WHAT IS REQUIRED
Look through the entries below for the line with "Уволенного после скандала" and the line with "Camisa de rayas", then give again exactly those two lines and all lines between them, minus the pictures.

MATERIAL SUPPLIED
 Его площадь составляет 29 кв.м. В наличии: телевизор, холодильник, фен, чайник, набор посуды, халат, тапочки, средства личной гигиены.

---

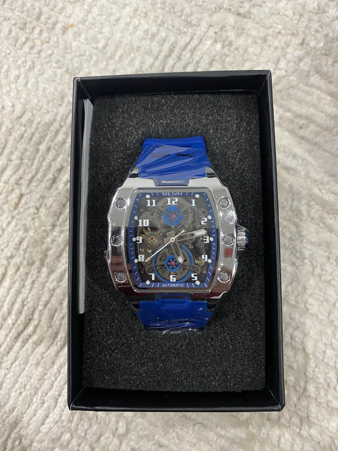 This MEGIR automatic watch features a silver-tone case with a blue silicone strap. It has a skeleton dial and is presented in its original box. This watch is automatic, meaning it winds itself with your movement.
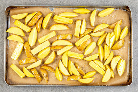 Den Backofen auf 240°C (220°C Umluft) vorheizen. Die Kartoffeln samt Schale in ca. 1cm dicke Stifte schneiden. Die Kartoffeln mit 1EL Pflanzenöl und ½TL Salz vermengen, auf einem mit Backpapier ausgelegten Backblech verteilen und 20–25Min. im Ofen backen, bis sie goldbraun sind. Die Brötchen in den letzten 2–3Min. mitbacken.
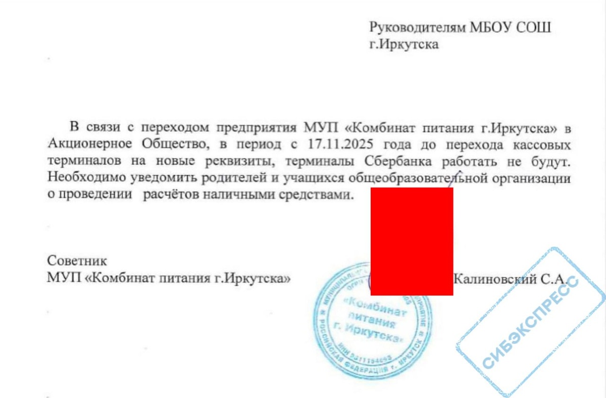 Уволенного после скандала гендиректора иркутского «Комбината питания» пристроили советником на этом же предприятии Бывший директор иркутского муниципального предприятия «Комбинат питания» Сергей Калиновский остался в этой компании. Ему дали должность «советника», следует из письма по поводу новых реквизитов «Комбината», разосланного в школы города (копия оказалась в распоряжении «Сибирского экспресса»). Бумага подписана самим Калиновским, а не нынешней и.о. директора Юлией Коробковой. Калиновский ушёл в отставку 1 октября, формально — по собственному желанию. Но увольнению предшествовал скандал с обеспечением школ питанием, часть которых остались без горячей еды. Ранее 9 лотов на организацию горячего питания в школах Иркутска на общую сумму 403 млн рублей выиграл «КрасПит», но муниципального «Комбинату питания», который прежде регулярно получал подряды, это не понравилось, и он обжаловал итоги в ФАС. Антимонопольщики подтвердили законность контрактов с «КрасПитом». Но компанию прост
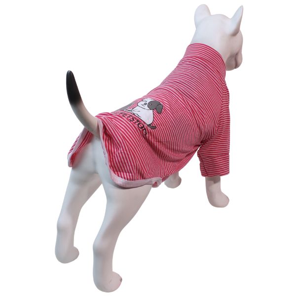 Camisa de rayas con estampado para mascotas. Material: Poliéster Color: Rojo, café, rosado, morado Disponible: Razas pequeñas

---

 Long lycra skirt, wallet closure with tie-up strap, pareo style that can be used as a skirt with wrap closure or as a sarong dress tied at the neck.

WORKED SOLUTION
 Уволенного после скандала гендиректора иркутского «Комбината питания» пристроили советником на этом же предприятии Бывший директор иркутского муниципального предприятия «Комбинат питания» Сергей Калиновский остался в этой компании. Ему дали должность «советника», следует из письма по поводу новых реквизитов «Комбината», разосланного в школы города (копия оказалась в распоряжении «Сибирского экспресса»). Бумага подписана самим Калиновским, а не нынешней и.о. директора Юлией Коробковой. Калиновский ушёл в отставку 1 октября, формально — по собственному желанию. Но увольнению предшествовал скандал с обеспечением школ питанием, часть которых остались без горячей еды. Ранее 9 лотов на организацию горячего питания в школах Иркутска на общую сумму 403 млн рублей выиграл «КрасПит», но муниципального «Комбинату питания», который прежде регулярно получал подряды, это не понравилось, и он обжаловал итоги в ФАС. Антимонопольщики подтвердили законность контрактов с «КрасПитом». Но компанию прост
 Camisa de rayas con estampado para mascotas. Material: Poliéster Color: Rojo, café, rosado, morado Disponible: Razas pequeñas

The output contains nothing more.